Case Overview

An insurer uses logistic regression based scorecard to predict customer’s propensity to renew.

The client, a Top 5 insurer in India was spending a lot on customer acquisition. They were achieving healthy growth in customer acquisition. However, the renewal lapse rates were high, with less than 60% renewals in the first year, that went down to ~12% by the end of fifth year. We suggested developing a propensity model to predict the customers who are more likely to churn, and reach out to them with personalized offers for renewals.

Improved Retention. Reduced operational cost

Demographic, transactions and behavioural data were combined to build the scorecard. Responses to different contact channels (SMS, IVR, Calls) were accounted for.

  • Prediction accuracy of 78% on validation dataset
  • Retention uplift of ~1.7x with same $ spend
  • Better efficiencies on contact frequency and mode of communication

The model was used to generate the retention campaign base every 2 weeks, for a customer base of +/- 30 days of due date

High lapse rate.

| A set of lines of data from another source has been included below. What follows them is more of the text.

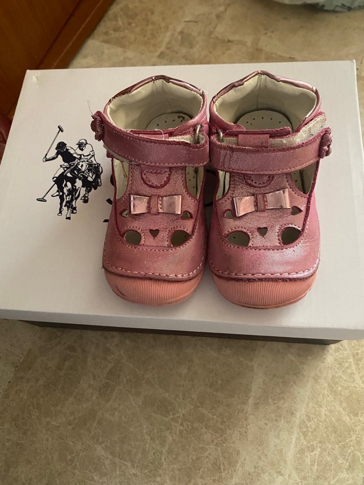 Kızlar için pastel pembe, tokalı ve yumuşak kauçuk tabanlı ilk adım ayakkabısı.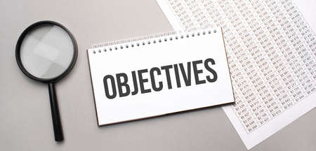 OBJECTIVES sign in white paper notepad and magnifying glass on the gray background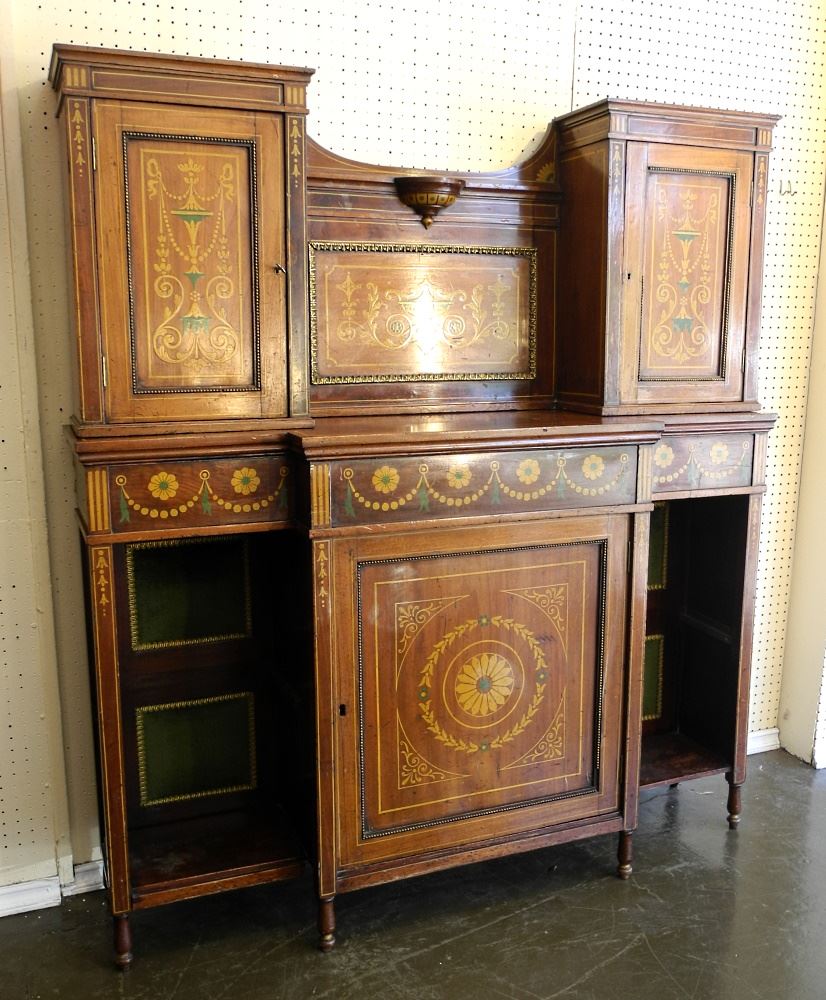 Mahogany Cabinet with Adam-Style Painted Decoration, 2 Sections, 63 1/2" x 57" x 14 1/2".

Reactive outreach

The insurer was in a stiff competition, in a very difficult market – India. They were spending a lot on customer acquisition activities, and achieving healthy growth rates.

However, the renewal funnel was challenging with less than 60% renewals in the first year, which trickled down to ~12% by the end of fifth year. The high customer acquisition cost meant they needed to extend the Life Time Value (LTV) of their customers.

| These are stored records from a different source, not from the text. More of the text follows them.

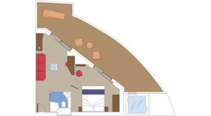 В каюте: две односпальные кровати (при необходимости трансформируются в двуспальную кровать), зона гостиной с диваном, ванная комната (раковина, душ, туалет), телефон, фен, мини-бар, сейф, кондиционер, интерактивное TV, беспроводной интернет (оплачивается дополнительно), виртуальный персональный круизный ассистент ZOE, угловой балкон с персональным джакузи.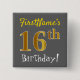 Bóton Quadrado 5.08cm Cinzas, Faux Dourado 16.º Aniversário, Com Nome Pe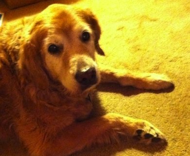 Jenna, our beloved Golden Retriever, after valiently battling a slow-growing brain tumor for 14 months, finally succumbed on Thursday, August 18, 2012. At age 15, the tumor ruptured a few days earlier. Sweet and loving companion to the end, it was only in her last 48 hours that she became completely immobile and disoriented, and ultimately, just ... tired. It was her time, much as it broke our hearts.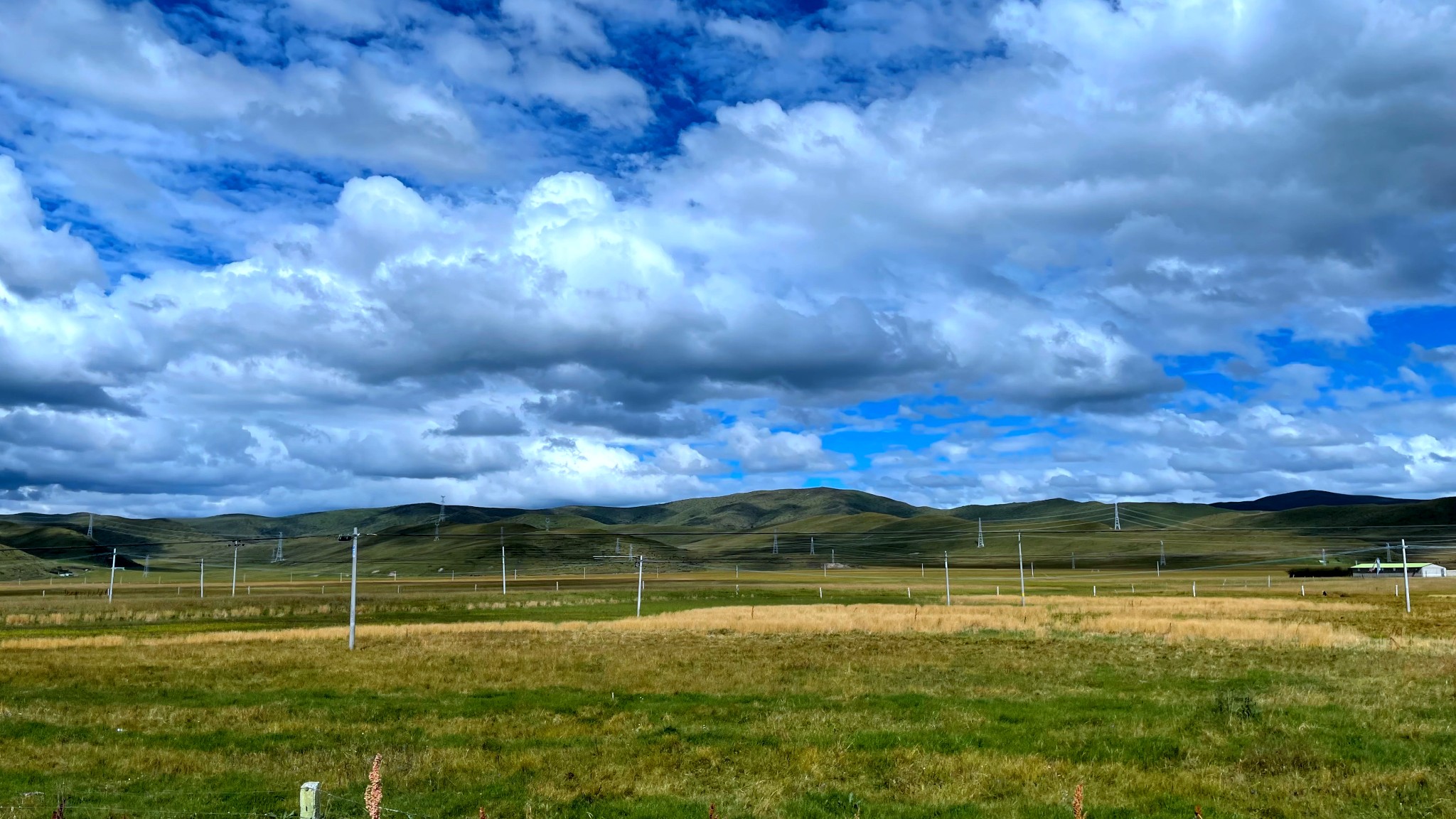天光云影下,宽阔牧场、层叠的云朵,一幅幅风吹草地见牛羊的高原画卷。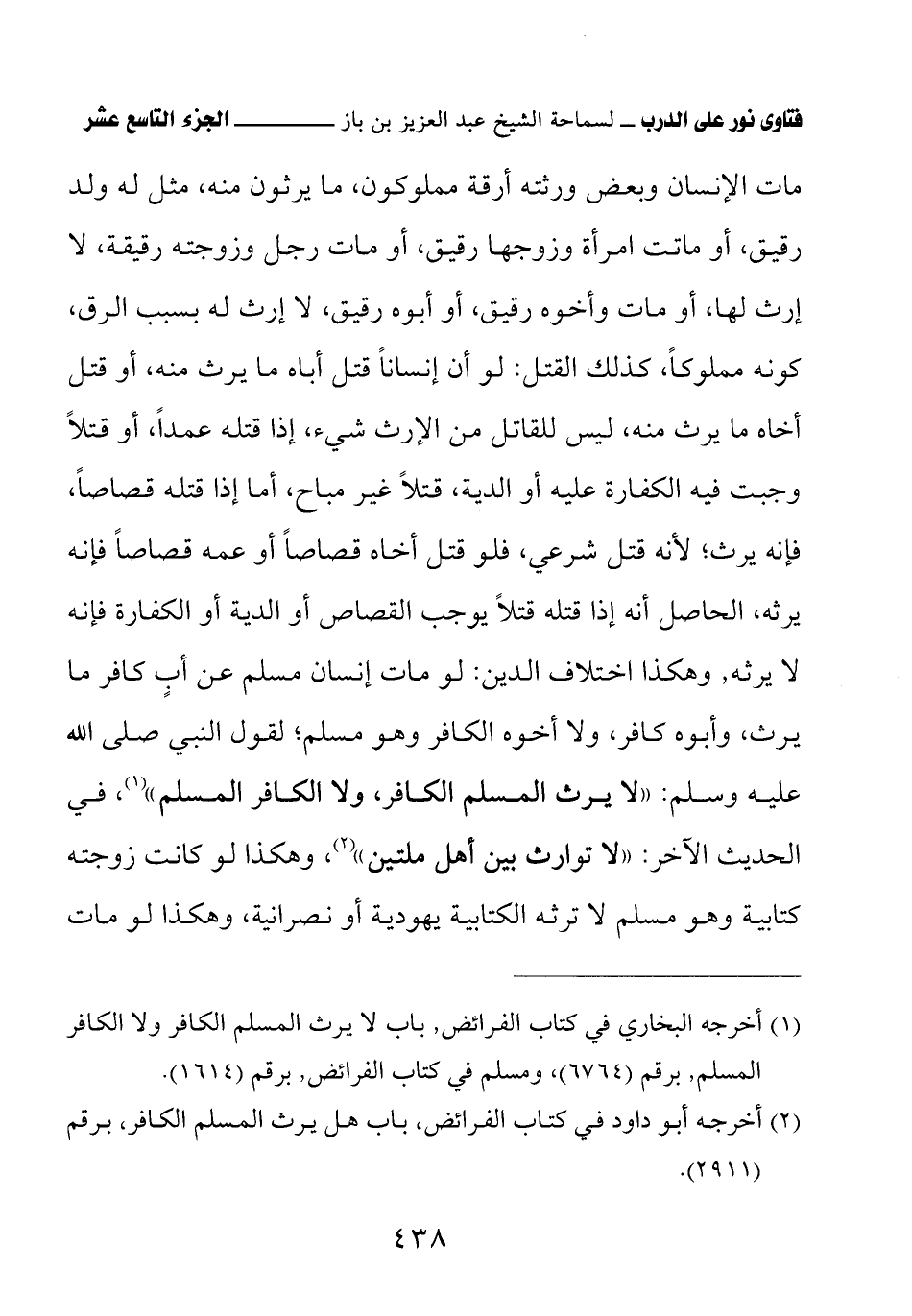 مات الإنسان وبعض ورثته أرقة مملوكون، ما يرثون منه، مثل له ولد رقيق، أو ماتت امرأة وزوجها رقيق، أو مات رجل وزوجته رقيقة، لا إرث لها، أو مات وأخوه رقيق، أو أبوه رقيق، لا إرث له بسبب الرق، كونه مملوكًا، كذلك القتل: لو أن إنسانًا قتل أباه ما يرث منه، أو قتل أخاه ما يرث منه، ليس للقاتل من الإرث شيء، إذا قتله عمدًا، أو قتلاً وجبت فيه الكفارة عليه أو الدية، قتلاً غير مباح، أما إذا قتله قصاصًا، فإنه يرث، لأنه قتل شرعي، فلو قتل أخاه قصاصًا أو عمه قصاصًا فإنه يرثه، الحاصل أنه إذا قتله قتلاً يوجب القصاص أو الدية أو الكفارة فإنه لا يرثه، وهكذا اختلاف الدين، لو مات إنسان مسلم عن أبٍ كافر ما يرث، وأبوه كافر، ولا أخوه الكافر وهو مسلم؛ لقول النبي صلى الله عليه وسلم: «لا يرث المسلم الكافر، ولا الكافر المسلم» (¬1) في الحديث الآخر: «لا توارث بين أهل ملتين» (¬2) وهكذا لو كانت زوجته كتابية وهو مسلم لا ترثه الكتابية يهودية أو نصرانية، وهكذا لو مات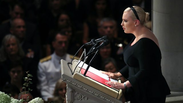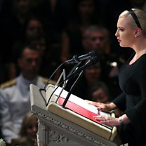 (Image: Meghan McCain speaking at her father's funeral. Credit: Getty Images)

They were looking to reduce lapse rates, and turned to analytics. Through customer surveys, they discovered that about 60% of their customers would scout for new product at the time of renewals. They needed a proactive approach for renewals, and an efficient implementation to identify and retain customers. We proposed a propensity model based approach coupled with personalized retention campaign to achieve their goals.

Proactive approach to renewals yield better results

There are multiple algorithms for propensity models, and no single algorithm is the best.

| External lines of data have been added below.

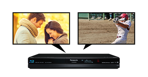 「海外ドラマも見たい!」「野球中継も見たい!」そんなときでも、楽録なら大丈夫!!ダブルチューナー搭載だからリアルタイムで野球中継を観ながら、裏番組の海外ドラマも録画が可能。また、録画したい番組が重なっても2番組同時録画が可能。
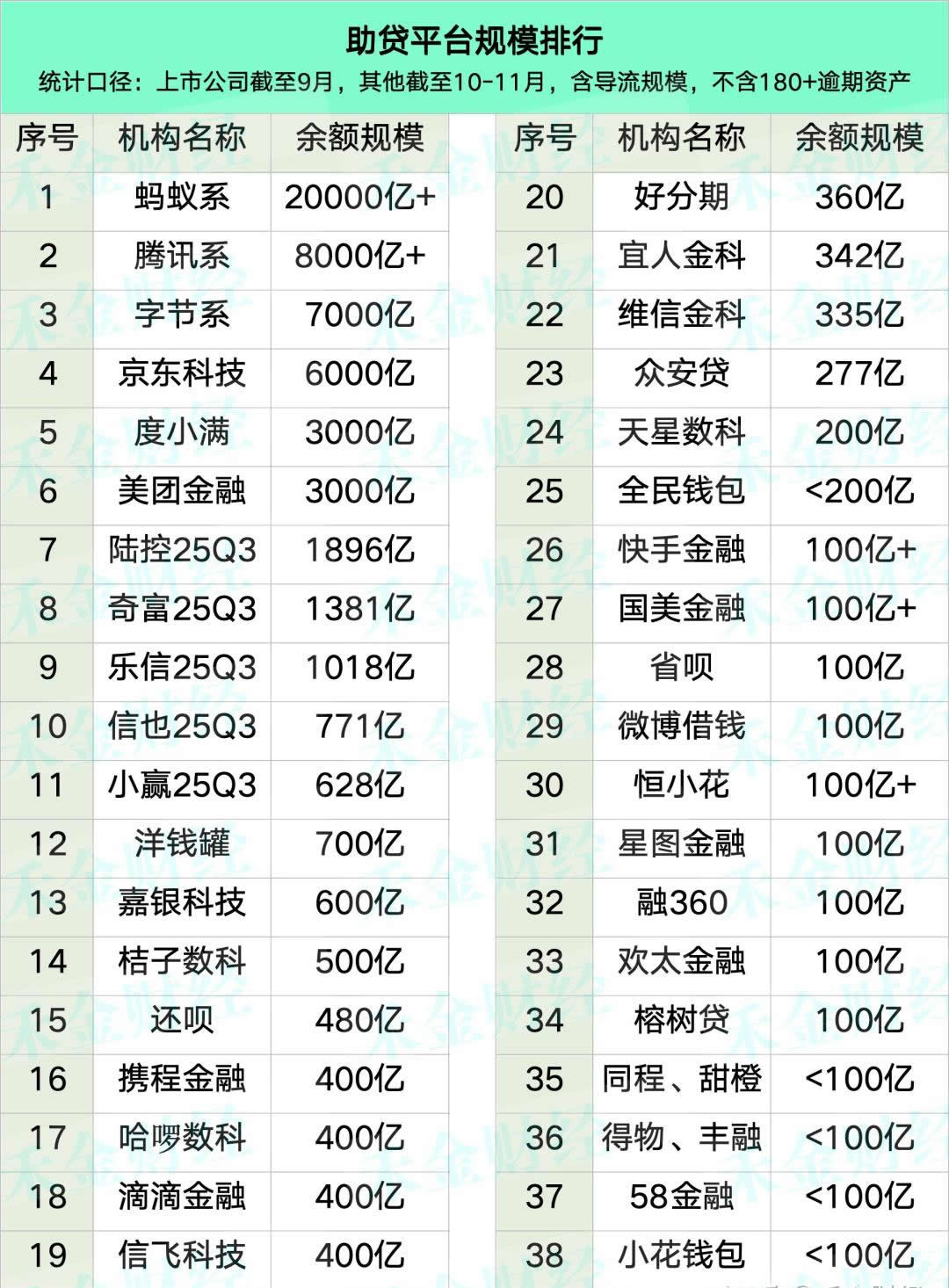 助贷行业正处在一轮深度重塑期——定价下调、客群迁移、人员与组织调整同步发生,平台规模排行榜也随之更新。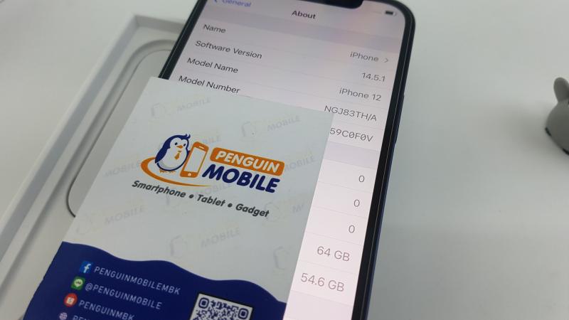 iPhone 12 สีบลู ความจุ 64GB เครื่องศูนย์ไทย ประกันศูนย์ถึง 30/11/21 สภาพใหม่เอี่ยม 99.99%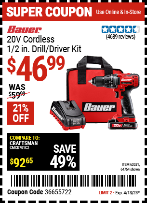 20V DRILL DRIVER Lot No. 63531 Expired: 4/13/23 - $46.99 Coupon Code: '36655722'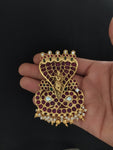 A unique Kemp Goddess pendant beautifully designed in a symbolic naag (serpent) shape, featuring a divine Lord Krishna motif at the center. Crafted with rich Kemp stones, this pendant reflects deep traditional and spiritual artistry, making it a meaningful choice for temple wear, festive occasions, and devotional styling. It can be easily paired with gold chains, black thread chains, or customized with beads to suit your personal style.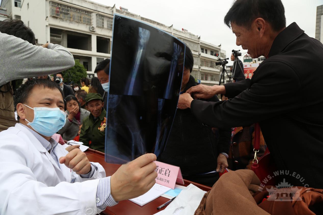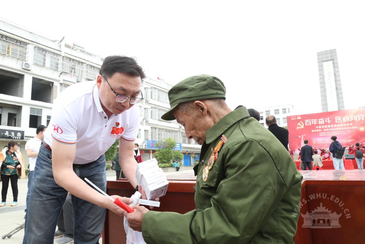 95岁的聂忠德是红安的一名复员军人,曾参加抗美援朝上甘岭战争,当过班长,负过伤,他也是义诊现场年龄最大的患者。中南医院的医生为进行测量血压等后,发现聂老血压偏高,还有腹泻等问题。医生将控制血压和治疗腹泻等药物赠给聂老,并嘱咐他按时按量服药,如有其他不适随时复诊。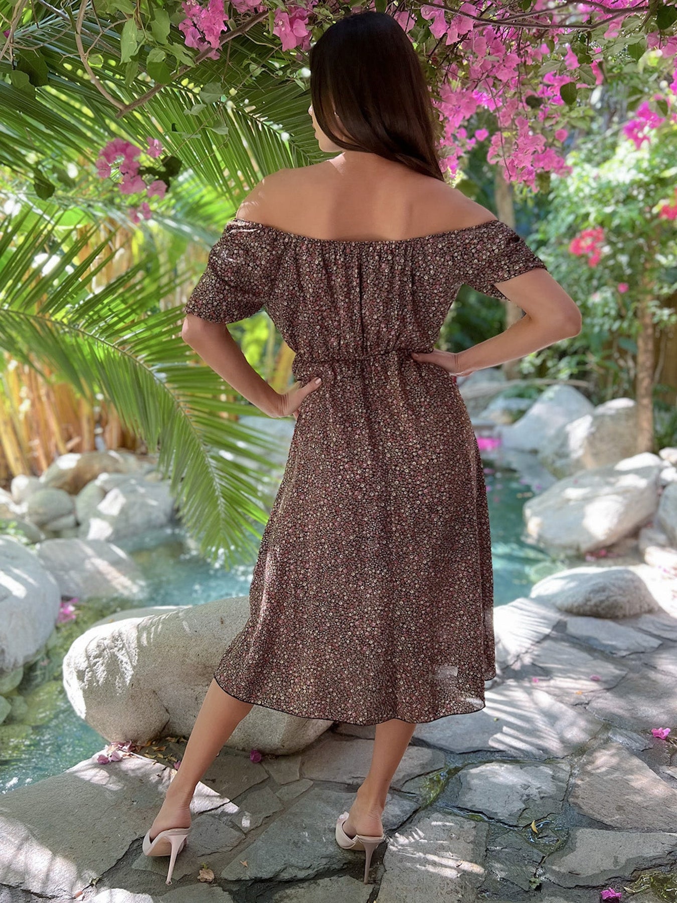 Introducing our must-have trend-forward floral midi dress, perfect for retailers and boutique owners. Made from 100% polyester, this dress features a flattering silhouette and eye-catching floral design. Ideal for any season, this dress can be dressed up or down for various occasions.

We went ahead with logistic based approach based on considerations listed below:

a. Quick turn around time

b. Interpretable for business users

c. Drill down analysis to understand impact of the features on lapse probabilities

The model results need to be integrated into an effective renewal campaign. Equipped with the scorecard Xtage Labs team built, the client was able to reach the right customers, through right channels, coupled with personalized offers to boost renewal rates.